• _REQUIRED ACTION_: Copy out exactly the lines from the one containing "56. Coffre arabe" through the end of the records, and no pictures.

(MATERIALS PROVIDED begins)

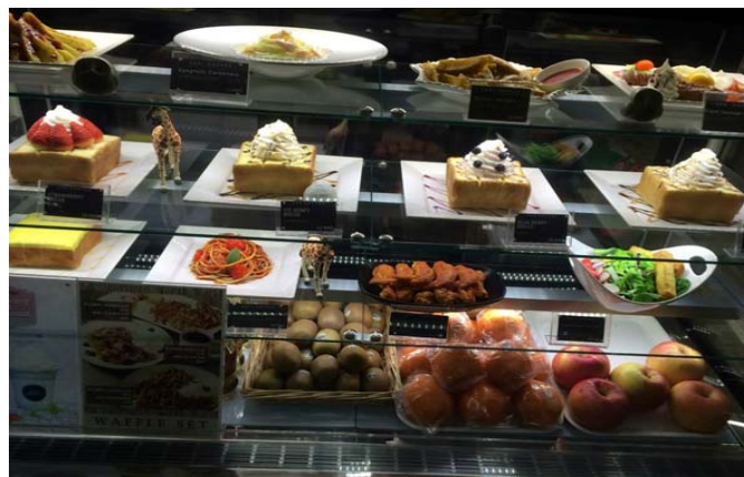
圖 42：前往 ZOO COFFEE 享用當地甜點咖啡店所提供的西式甜點與咖啡。
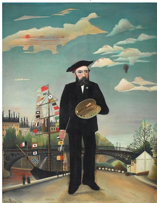
Henri Rousseau Moi-même, portrait paysage

Huile sur toile (1870) Narodni Galerie, Prague
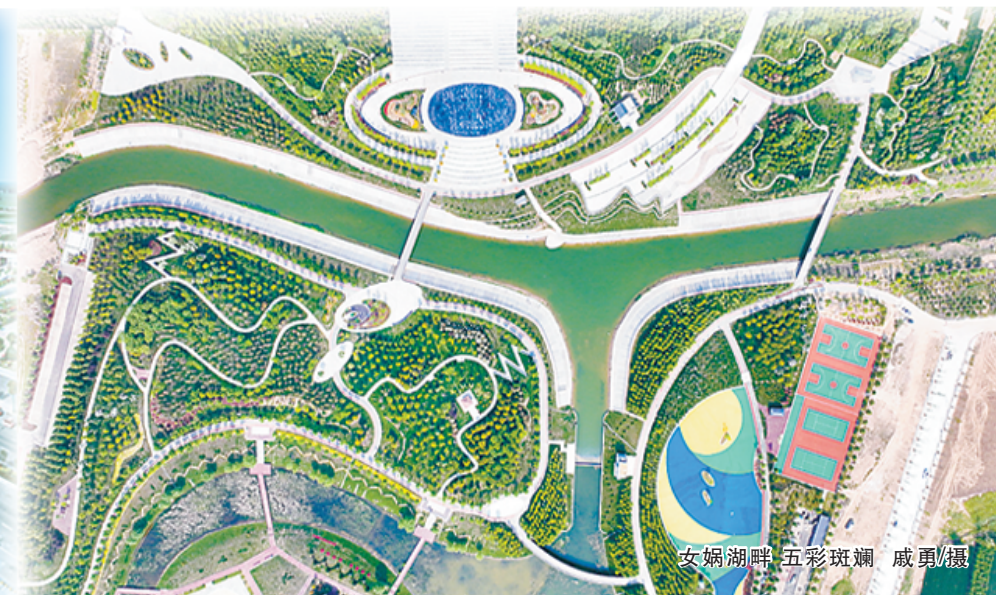
女娲湖畔 五彩斑斓
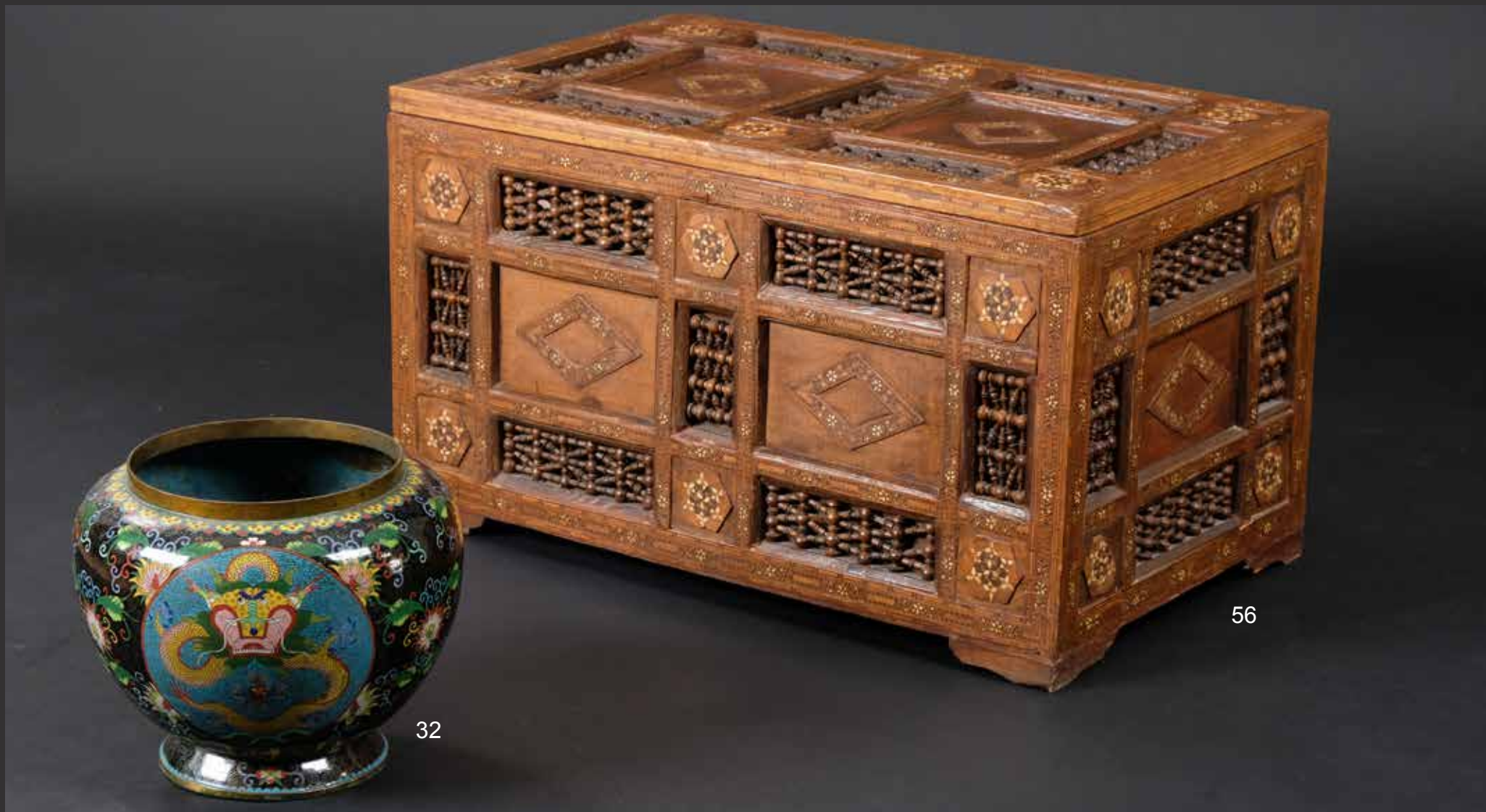
56. Coffre arabe formant table basse en bois sculpté de moucharrabieh et orné de rosaces marquetées de bois divers et os sur toutes ses faces. Syrie, XIXème L: 74cm, Pr: 45cm, H: 44cm
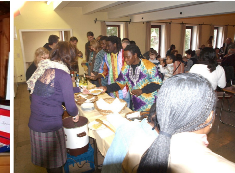
Das Fastenessen am ersten Fastensonntag 2012 wurde gut angenommen. Der Erlös kam unserem Afrikaprojekt in Mwabo zugute
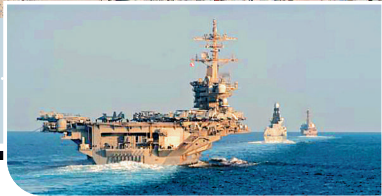
美軍近期在中東布重兵
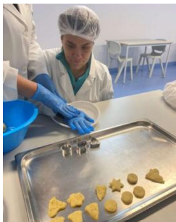
CACI – Sessão de culinária
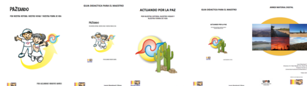
Imatge 4. Portades dels 5 documents. Autor: Laura Rossinyol.

(MATERIALS PROVIDED ends)

• _YOUR SOLUTION_:
56. Coffre arabe formant table basse en bois sculpté de moucharrabieh et orné de rosaces marquetées de bois divers et os sur toutes ses faces. Syrie, XIXème L: 74cm, Pr: 45cm, H: 44cm
Das Fastenessen am ersten Fastensonntag 2012 wurde gut angenommen. Der Erlös kam unserem Afrikaprojekt in Mwabo zugute
美軍近期在中東布重兵
CACI – Sessão de culinária
Imatge 4. Portades dels 5 documents. Autor: Laura Rossinyol.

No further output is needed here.